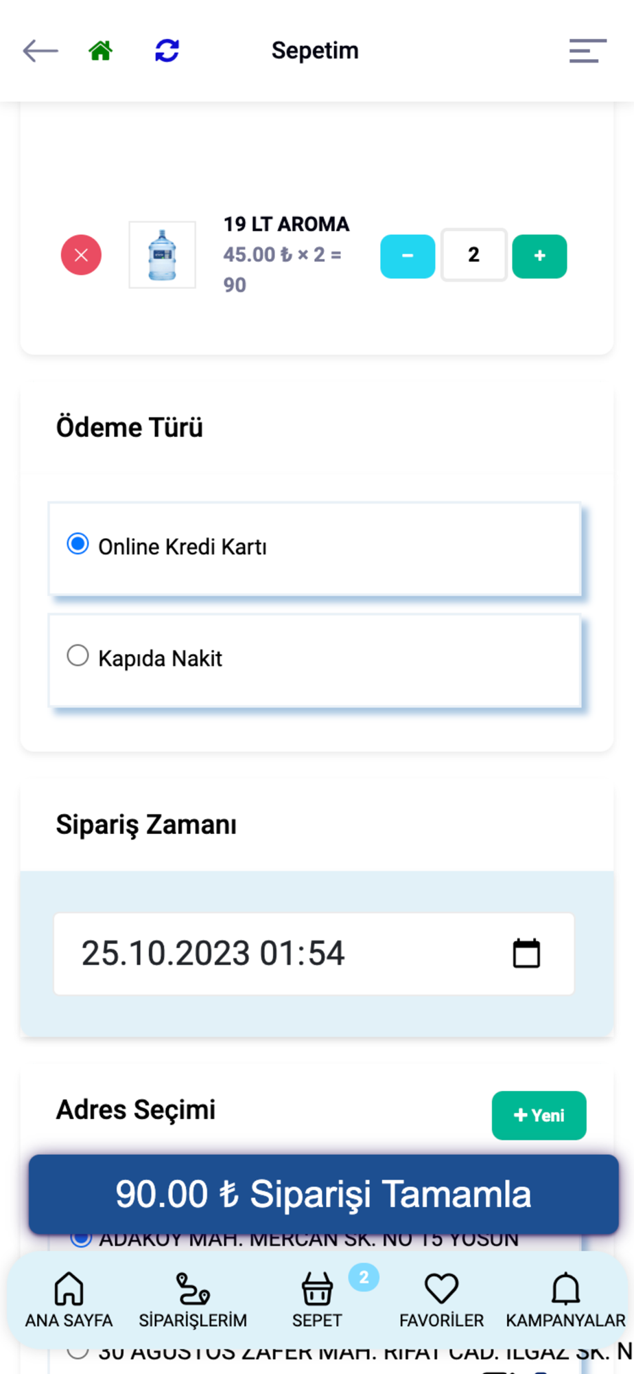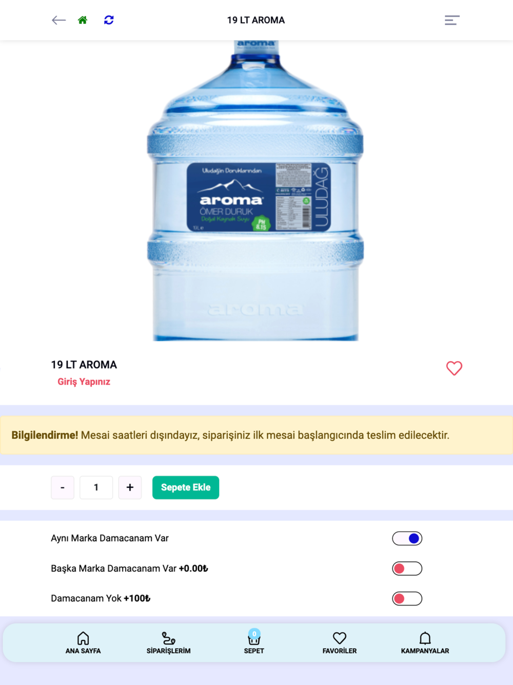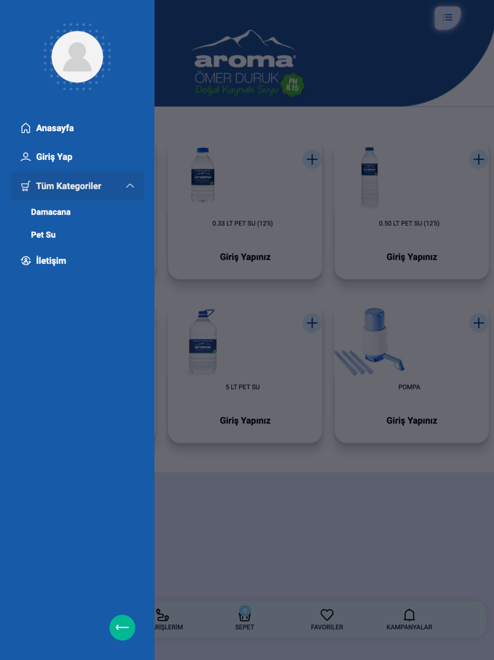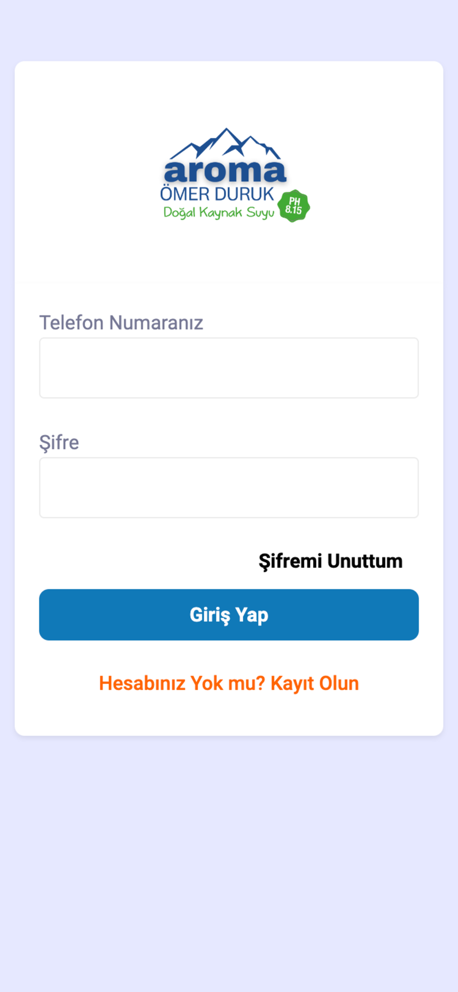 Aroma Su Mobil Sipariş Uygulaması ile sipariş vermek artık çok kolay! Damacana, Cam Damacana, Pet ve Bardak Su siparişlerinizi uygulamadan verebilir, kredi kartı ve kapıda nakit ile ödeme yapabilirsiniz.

...

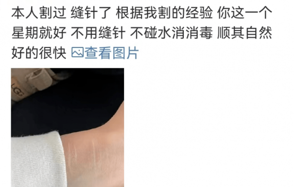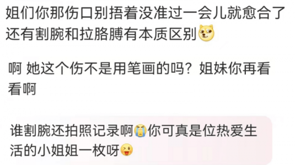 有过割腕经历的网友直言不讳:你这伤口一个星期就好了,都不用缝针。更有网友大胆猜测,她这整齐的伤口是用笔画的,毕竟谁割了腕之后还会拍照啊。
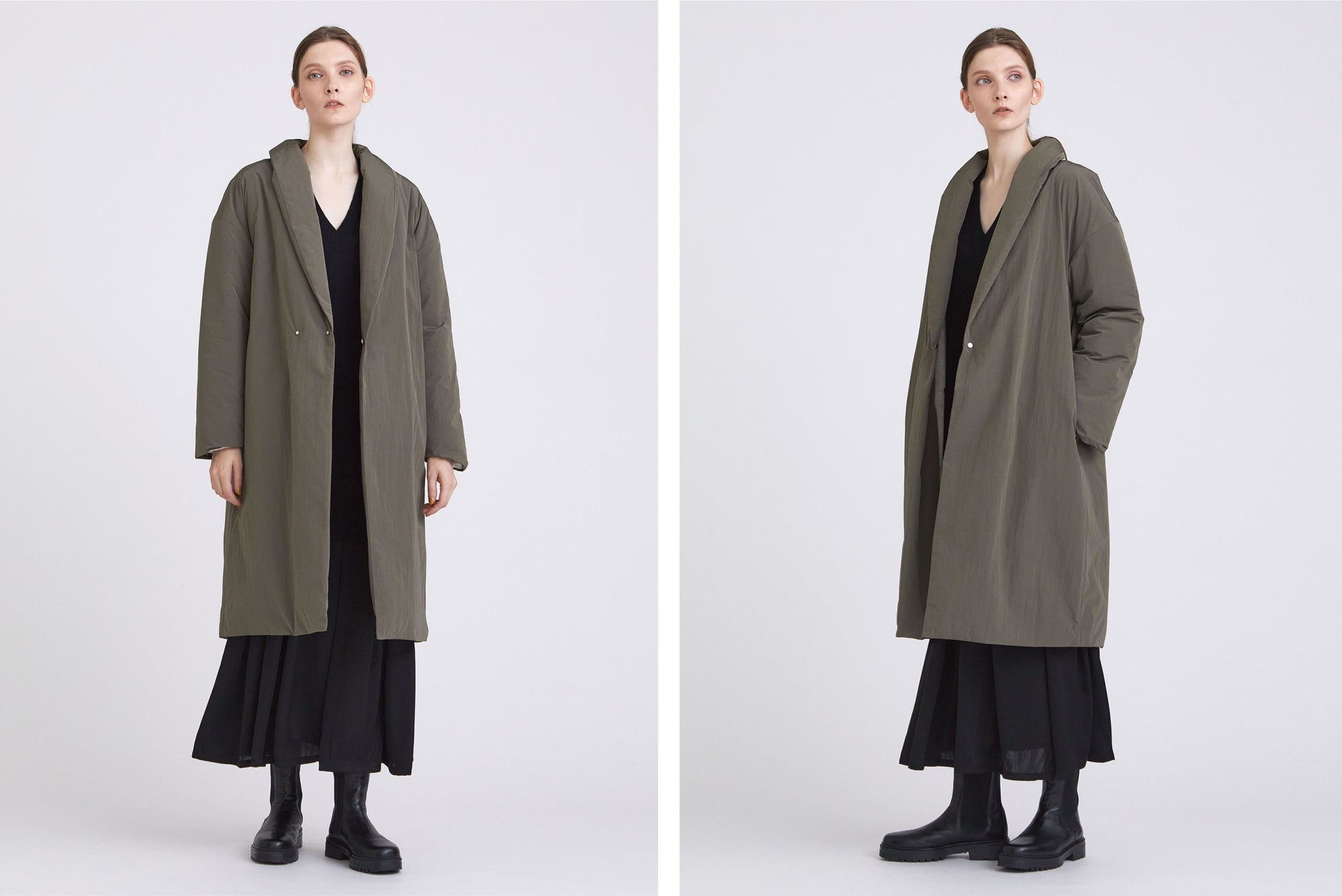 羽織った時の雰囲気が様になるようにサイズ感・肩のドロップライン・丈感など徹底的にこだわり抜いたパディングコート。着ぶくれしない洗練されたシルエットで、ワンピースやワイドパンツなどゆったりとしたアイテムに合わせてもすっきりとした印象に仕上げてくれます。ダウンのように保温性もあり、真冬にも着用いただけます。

* * *

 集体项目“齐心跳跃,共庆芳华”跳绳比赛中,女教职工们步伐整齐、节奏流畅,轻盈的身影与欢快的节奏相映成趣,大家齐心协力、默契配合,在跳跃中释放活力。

— Task —
Once the line with "有过割腕经历的网友直言不讳:你这伤口一个" has been found above, output that line and every later line exactly, stopping after the line with "羽織った時の雰囲気が様になる", and omit the pictures.

— Solution for this exercise —
 有过割腕经历的网友直言不讳:你这伤口一个星期就好了,都不用缝针。更有网友大胆猜测,她这整齐的伤口是用笔画的,毕竟谁割了腕之后还会拍照啊。
 羽織った時の雰囲気が様になるようにサイズ感・肩のドロップライン・丈感など徹底的にこだわり抜いたパディングコート。着ぶくれしない洗練されたシルエットで、ワンピースやワイドパンツなどゆったりとしたアイテムに合わせてもすっきりとした印象に仕上げてくれます。ダウンのように保温性もあり、真冬にも着用いただけます。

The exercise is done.